The company opened 13 stores and remodeled four in 2025. Not all of the stores included the experimental features being tested in some locations, but they did incorporate enhancements to improve merchandise and customer flow. He said initial customer reaction “has been strong with notably higher conversion and traffic.”
In the brand portfolio, the standouts in the fourth quarter were its Topo brand, up 42 percent, and Jessica Simpson, which grew 17 percent from year-ago levels and was able to capitalize on the resurgence in the dress category. And in Keds, Howe said improved comfort and fit from better product design will help to accelerate growth in 2026.
Looking at assortment mix, Howe said encouraging trends include dress shoes, boots and affordable luxury.
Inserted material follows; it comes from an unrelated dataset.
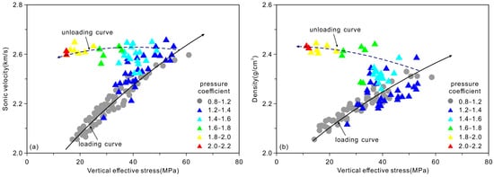 The logging-responses–vertical-effective-stress cross-plots of the Jurassic formation in the Fukang Sag. (a) Sonic velocity–vertical effective stress- cross plot. (b) Density–vertical effective stress cross plot.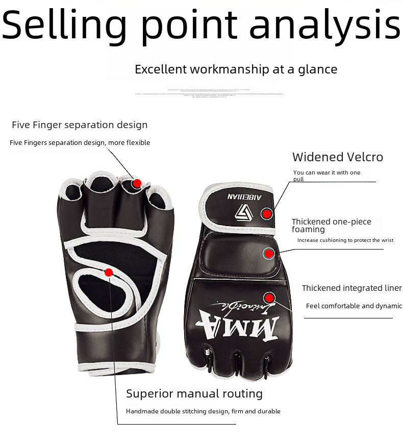 Перчатки MMA, для взрослых, на полпальца, черные интересное:

“These categories are resonating with our customers. This will be supplemented by our efforts to build and scale our brand portfolio. We are also planning strong growth in categories adjacent to footwear such as beauty, wellness, hydration, socks and sunglasses,” the CEO said.
Howe also said it is working with investment banking firm Consensus, which has a specialty focused on emerging consumer brands. “This partnership enables us to thoughtfully identify and introduce new relevant brands within our leading categories while also expanding into adjacent non-footwear categories that encourage customer discovery and exploration,”
Howe said. He added that infusing the assortment mix with targeted newness will ensure that the offerings are “aligned with evolving customer preferences.”
Looking ahead to the fall, Howe said that timeframe will see the relaunching of DSW’s loyalty program, which represents “roughly 90 percent of our transactions.”
While Howe said the company expects to build on the improving trends generated in the back half of 2025, he cited to a “volatile macro environment that includes evolving tariffs dynamics and conflict in the Middle East” that may introduce “increased inflationary pressure moving forward.”
DBI on Thursday said it narrowed its fourth quarter net loss to nearly $20 million, or 40 cents a diluted share, on net sales that were essentially flat at nearly $713.6 million. Total comparable sales fell by 1.9 percent.
Last month, DBI tapped Sheamus Toal for the role of CFO following the exit of Jared Poff in October.
In the call, Howe also touched briefly upon the layoffs conducted last month. He said the organization change was designed to accelerate execution across key priorities while maintaining a focus on reducing operating expenses. DBI brought its U.S. and Canada Retail businesses under a streamlined reporting structure, which he said will “enable better collaboration and integration of operations across our businesses.” That shift also required the rightsizing of DBI’s shared services organization to “appropriately support the business moving forward,” he said.